Но всё это из намёков выводит сам читатель.
А мягкий «я»-повествователь, учитывая слабодушие читателей, щадит их
и ПОТОМУ говорит намёками. Ну, как осторожно подготавливают
близких родственников к известию о несчастье с одним из
них.
Намёк сработает. Но извещавший уже не при чём. Он-то «в лоб» не
говорил. И уж совсем далеко автор, Редьярд Киплинг, который –
раз он так далеко – может, и НЕ ЗА обычную нравственность с её
верностью любви… А?
Вот «На краю пропасти»… Трагедия. Герой гибнет, но идея его,
попрание верности в браке, остаётся жить в читателе.
И раз возносится прямо противоположное тому, что воспевается образом Бизезы, то…
Приспособиться к общественному мнению, требующему тайны встреч
любовников? – «спрашивает» 7-й рассказ и «отвечает». – Нет! Лучше
смерть.
Скажете, там тоже намёки есть – на Провидение. Бог, мол, наказал
насмешника: вдруг могилу для сахиба (господина, англичанина)
заготовили, как раз когда эта парочка стала сношаться на
кладбище… (У Киплинга, кстати, ни за что б не появилось слово
«сношаться»…) И что-то холодно виновнику стало при виде могилы.
Чем не намёки?
Соглашусь.
Но это намёки повествователя. А кто он, если действующие лица у
него, названые нарицательными словами, написаны с большой буквы?
Кто он, повествователь, если притчевое начало выпирает там
в первом абзаце-предложении: «Жили однажды Муж, Жена и
Третий»…
Морализатором выставлен повествователь. Значит, не исключено, что
автор дистанцировался от морализатора с его намёками.
А вот эпиграфы, как и положено, – от автора.
«За чертой»: «Ни каста, ни сон на сломанной кровати для любви не
препона. Я отправился искать любовь и потерял себя. Индийская
пословица».
Слово «потерял» тут имеет не только негативную ауру.
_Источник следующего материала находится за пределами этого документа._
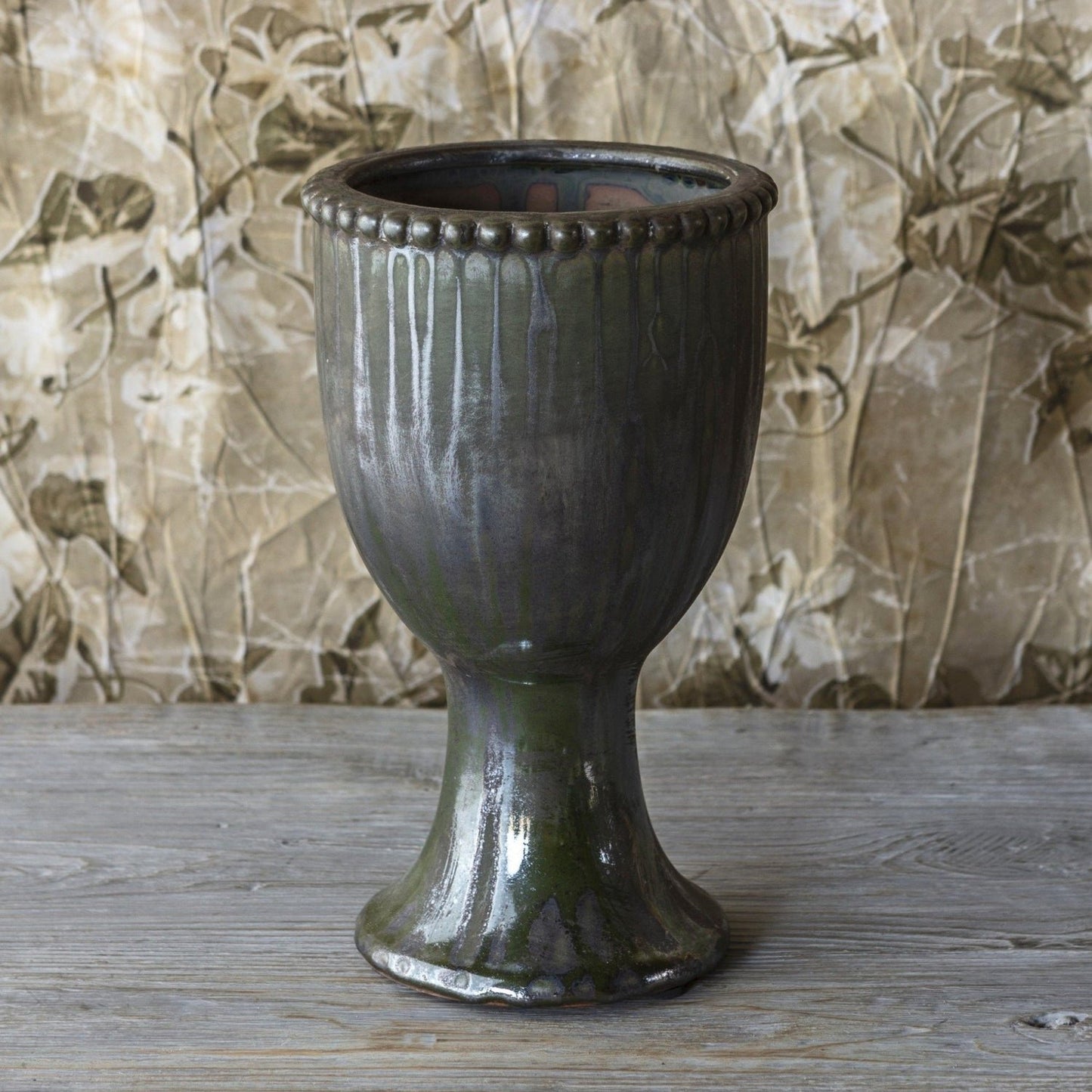 Aged Olive Dripped Glazed Pottery Large Tulip Vase

А первое
предложение вообще – наотмашь: экстремистское и
индивидуалистическое.
«На краю пропасти»:
«Запретный плод», – мне скажут. Но всё от Бога: знает он. А в памяти моей пребудет Один лишь колокольный звон, Из ужаса ночных глубин Мне возвестивший: «Эндерби».
Джин Инджелоу
Тут надо обратить внимание на сразу два снижения. И сама Инджелоу
противопоставляет аж Богу, что? – Эндерби, часть Антарктиды, –
нечто земное. И репутация самой Инджелоу была сниженной
после периода популярности, и снижению способствовала её манера
в наступившем трезвом веке: «искусственная приподнятость её
стиля… с… злоупотреблением… «возвышенной» лексикой»
(Брокгауз и Эфрон).
Так что Киплинг, судя по эпиграфам, – НЕ с намекающими
повествователями, кто б они ни были: морализаторы или им противоположные
субъекты. Он как бы говорит: будь единицей, а не нулём,
минус-единицей или плюс-единицей – но единицей, а не нулём. И не
говорит, а как бы скандирует. (Восклицательный знак надо
было поставить в предыдущем предложении.) Всюду ж у него
смерти, смерти, смерти. Всё – по максимуму. Всё – ценою жизни
(или физически понимаемой или морально: бесчестье, крах
ценностей). Жёстко. А слова льются мягкие.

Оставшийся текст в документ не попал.